I know these kinds of situations can put employees in a difficult place, so I’m careful and empathetic in my messaging. I make sure to really target people who could be an immediate fit for openings we have. I’ve hired two people with seriously hard-to-find skill sets using this nose-for-news approach.
Approach #4 — Turn a reference into a hire
References are important. Sure, it’s extremely rare that a candidate’s reference is going to be negative. It has happened a time or two in my career, but it’s certainly not typical. Instead, I like to use reference calls for two purposes:
- To elicit information as to how to best set up a potential new hire for success in my organization. It’s a chance for me to learn how to keep them engaged and provide them with an opportunity to grow their career at EQRx. You may also learn how to get their relationship with their future manager off on the right foot. I’ve found that a conversation with a former manager or colleague always provides some good nuggets of information.
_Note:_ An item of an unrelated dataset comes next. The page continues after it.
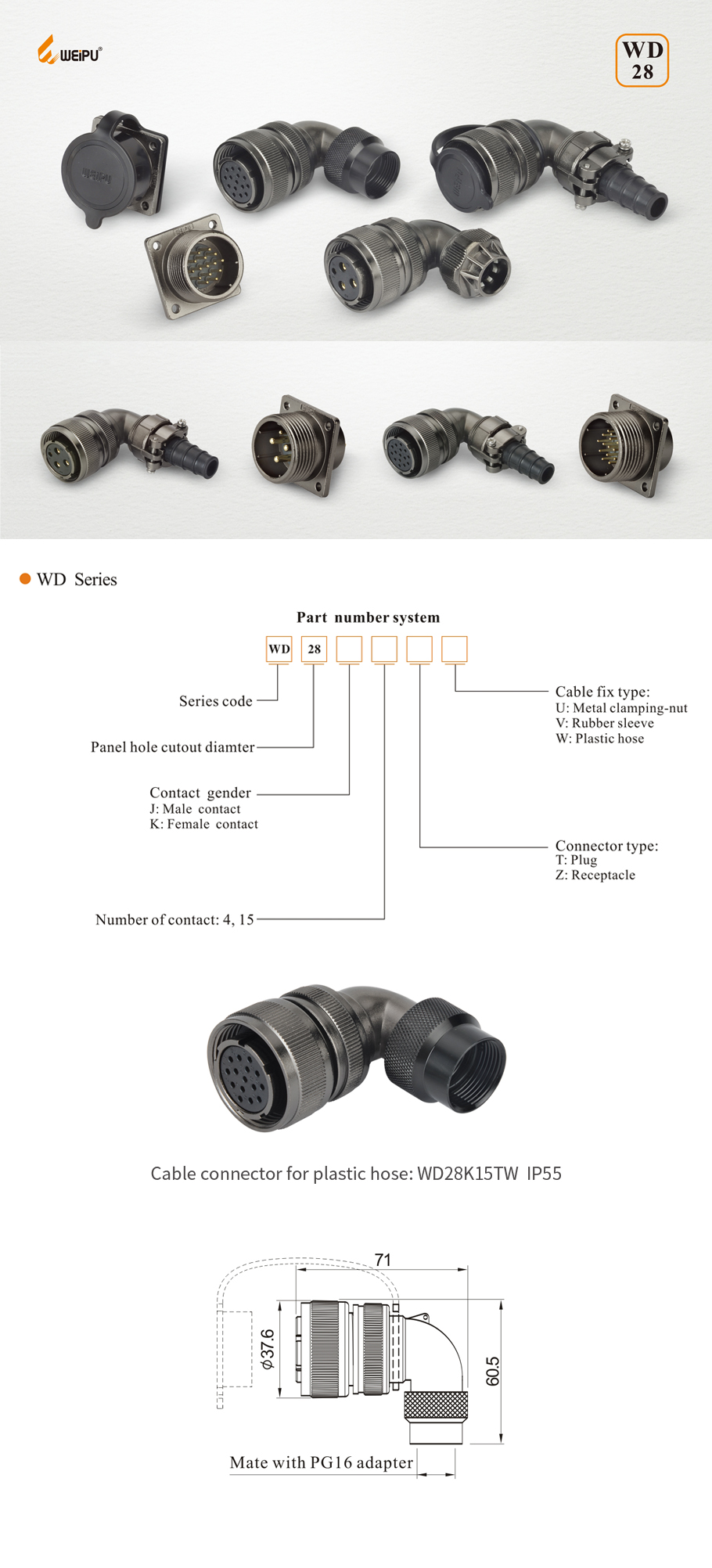 | 05、Cable connector with rubber sleeve: WD28J15Z IP65 |

- To turn that reference into a networking opportunity.
Last summer while I was contacting references for a potential director hire, I had the opportunity to chat with a program leader who had been an internal stakeholder for the candidate at a prior company. It was a highly productive conversation and I received some fantastic information on the candidate, but I was also able to plant a seed. I mentioned to the candidate’s reference that we were going to be looking for someone with a background similar to theirs in the coming months. After a few follow-up calls and our normal interview process, this reference became a hire.
These are just a few examples of often overlooked sourcing strategies. If there’s one thing I encourage you to take away from this post, it’s that there are always more stones to turn over — you just need to be creative. These four examples, each from a different sourcing strategy, resulted in five amazing hires for EQRx. Sometimes, a little creativity and some old-fashioned hard work can result in connecting with hard-to-find talent you otherwise wouldn’t have known existed.